Available data:
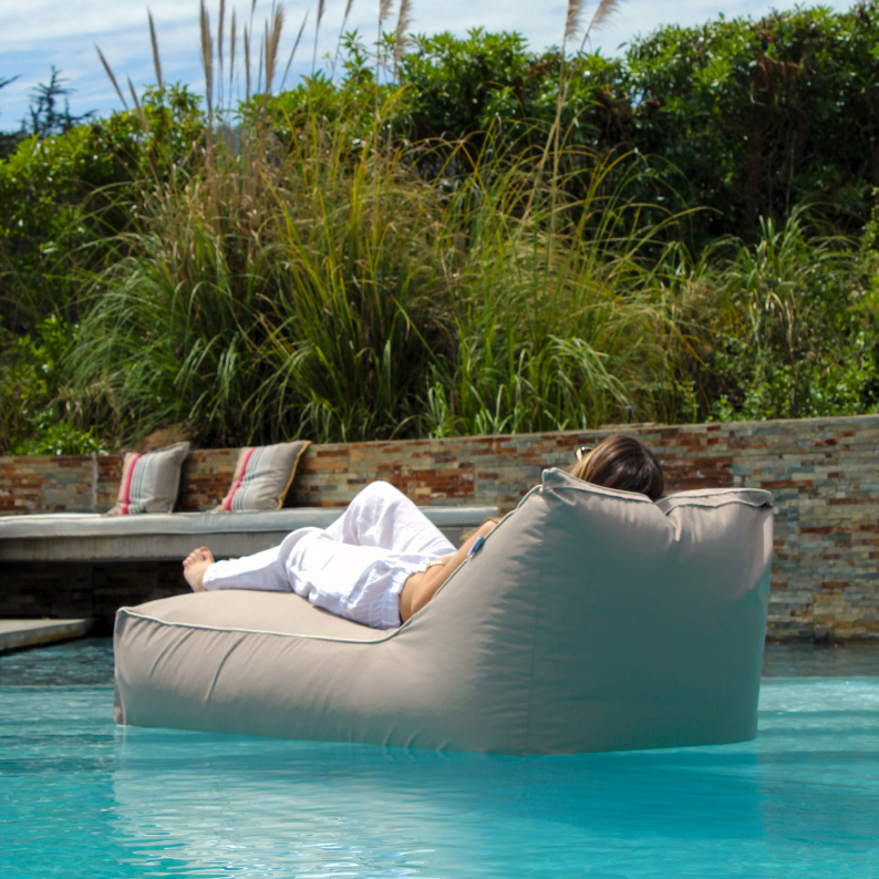 Fabricada con tela impermeable y filtro UV, puedes usarla en terrazas, jardines o incluso dejarla flotar en la piscina.
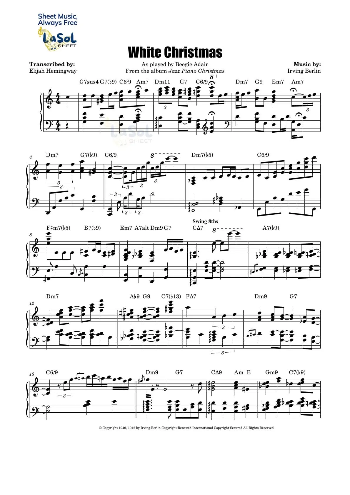 Whether you’re performing it solo or with an ensemble, this sheet music will help you bring the comforting spirit of the season to life. Let the timeless charm of “White Christmas” fill your home or performance with warmth and nostalgia.
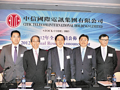 ■左起:中信國際電訊技術總裁張悅賓、行政總裁阮紀堂、主席辛悅江、財務總裁陳天衛和CPC行政總裁何偉中。卓建安 攝
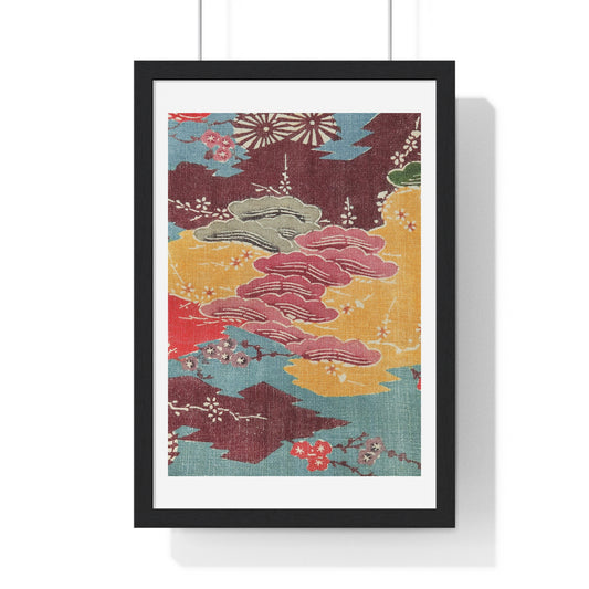 Fragment Decorated with Pine, Plum, and Chrysanthemum over Stylised Pine Bark (19th Century) from the Original, Framed Print

Action item: Repeat the data exactly in full, omitting its pictures.

Written answer:
 Fabricada con tela impermeable y filtro UV, puedes usarla en terrazas, jardines o incluso dejarla flotar en la piscina.
 Whether you’re performing it solo or with an ensemble, this sheet music will help you bring the comforting spirit of the season to life. Let the timeless charm of “White Christmas” fill your home or performance with warmth and nostalgia.
 ■左起:中信國際電訊技術總裁張悅賓、行政總裁阮紀堂、主席辛悅江、財務總裁陳天衛和CPC行政總裁何偉中。卓建安 攝
 Fragment Decorated with Pine, Plum, and Chrysanthemum over Stylised Pine Bark (19th Century) from the Original, Framed Print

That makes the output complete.